There is no limit under the Company's organizational documents as to the
amount of funds that may be invested in partnerships or joint ventures.

     With respect to the entities that own the Jersey Gardens, The Great Mall
of the Great Plains, The Mall at Johnson City, The Dayton Mall, The Colonial
Park Mall,  the SuperMall of the Great Northwest,  The Almeda Mall and The
Northwest Mall, the approval or consent of certain other partners is required
for all major decisions, including one or more of the following:  the sale or
refinancing of such properties, certain capital improvements and alterations,
the borrowing of funds, revisions to such properties' business plans and
budgets after they have been approved by the partners, certain modifications
to leases, the making of any distributions other than as provided in the
operating agreements and certain other changes in the operations of such
properties or entities which own such properties. To the extent such
approvals or consents are not forthcoming or are delayed, the Company may
experience difficulty in, or may be prevented from, implementing its plans
with respect to such properties or property owning entities. Furthermore, the
Company may, in certain circumstances, including the occurrence of a default
under the operating agreements of such entities or the management agreements
between such entities and the Company, be removed as the manager of a
property it manages. Additionally, the Company may be removed as the managing
member of the entity owning The Great Mall of the Great Plains upon an event
of default under the operating agreement of such entity. In the event the
Company is removed as either the manager or the managing member, the Company
would lose day to day control over the related property. Each of the
operating agreements for the entities which own The Great Mall of the Great
Plains, The Mall at Johnson City, The Dayton Mall, The Colonial Park Mall,
the SuperMall of the Great Northwest, The Almeda Mall and The Northwest Mall
also contain provisions whereby the Company may be forced to sell all of its
interest in, or buy all of its partners' interest in, such entity or
property. Such provisions may be triggered at a time when it is not
advantageous for the Company to either buy or sell its interest in such
entity or property.  The agreements governing the property owning entities of
the LA Metro Mall and  Polaris Towne Center, as well as agreements governing
future ventures, are expected to contain similar provisions.

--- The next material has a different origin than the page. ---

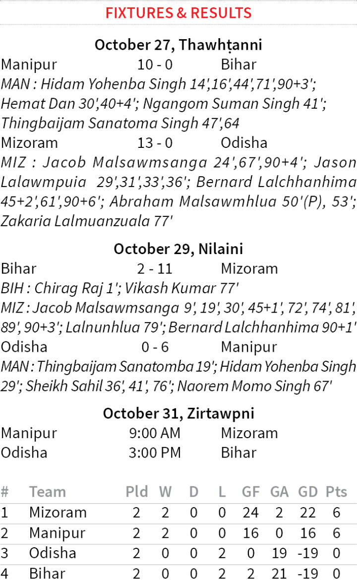 Sub Junior Boys National Football Championship-ah Mizoramin Zembawk North naupang Jacob Malsawmsanga'n triple hattrick a siam zarah an elpui Manipur aiin goal an khung tam ta zawk. Group match hnuhnung berah coach K. Lalrindika hoten Manipur hi an hmachhawn dawn a, goal an khung tam zawk avangin semifinal lut turin 'draw' a tawk ang.

     Anti-Takeover Effect of Ownership Limit and Limits on Changes in Control
Resulting From a Staggered Board and the Ability of the Company to Issue
Preferred Shares.  In order to maintain its qualification as a REIT for
federal income tax purposes, not more than 50% in value of the outstanding
shares of beneficial interest of the Company (the "Shares") may be owned,
directly or indirectly, by five or fewer individuals (as defined in the Code
to include certain entities) at any time during the last half of the
Company's taxable year.

     The Declaration of Trust of the Company authorizes the trustees to take
such action as may be required to preserve its qualification as a REIT and to
limit any person, other than (i) Messrs. Herbert Glimcher and David J.
Glimcher, and (ii) any other Person (as defined in the Declaration of Trust)
approved by the trustees, to direct or indirect ownership of 8.0% of the
lesser of the number or value of the outstanding Shares; provided, however,
in no event may the trustees grant an exemption from the foregoing ownership
limitation to any other Person whose ownership, direct or indirect, of in
excess of 8.0% of the lesser of the number or the value of the outstanding
Shares would result in the termination of the Company's status as a REIT for
federal income tax purposes. This limitation on ownership does not apply to
the Common Shares owned, directly or indirectly, by Messrs. Herbert Glimcher
and David J. Glimcher, who, without the approval of the trustees, are limited
to an aggregate of 25% of the lesser of the number or value of the
outstanding Shares, or to Nomura, which is excepted to the extent necessary
to permit it, or its affiliates, to acquire and maintain ownership of (i) the
34,000 Series A-1 Convertible Preferred Shares, par value $.01 per share and
having an initial liquidation preference of $1,000 a share, subject to
adjustment (the "Series A-1 Preferred Shares"), (ii) the Series D Convertible
Preferred Shares, par value $.01 per share and having an initial liquidation
preference of $1,000 a share, subject to adjustment (the "Series D Preferred
Shares") and (iii) any Common Shares issuable upon conversion thereof to the
extent it does not jeopardize the Company's qualification as a REIT. In
addition to the foregoing, the Articles Supplementary relating to the
Company's 9 1/4% Series B Cumulative Redeemable Preferred Shares of
Beneficial Interest, par value $.01 per share, each share having a
liquidation preference of $25.00 per share (the "Series B Preferred Shares"),
of which 5,118,000 have been issued, authorizes the Company's Board of
Trustees to take such action as may be required to preserve its qualification
as a REIT for federal income tax purposes and to limit any person, other than
persons who may be excepted by the Board of Trustees, to direct or indirect
ownership of 9.9% of the lesser of the number or the value of the total
Series B Preferred Shares outstanding. Notwithstanding the foregoing, there
can be no assurance that there will not be five or fewer individuals who will
own more than 50% in value of the outstanding Shares, thereby causing the
Company to fail to qualify as a REIT. The ownership limits may also
discourage a change of control of the Company.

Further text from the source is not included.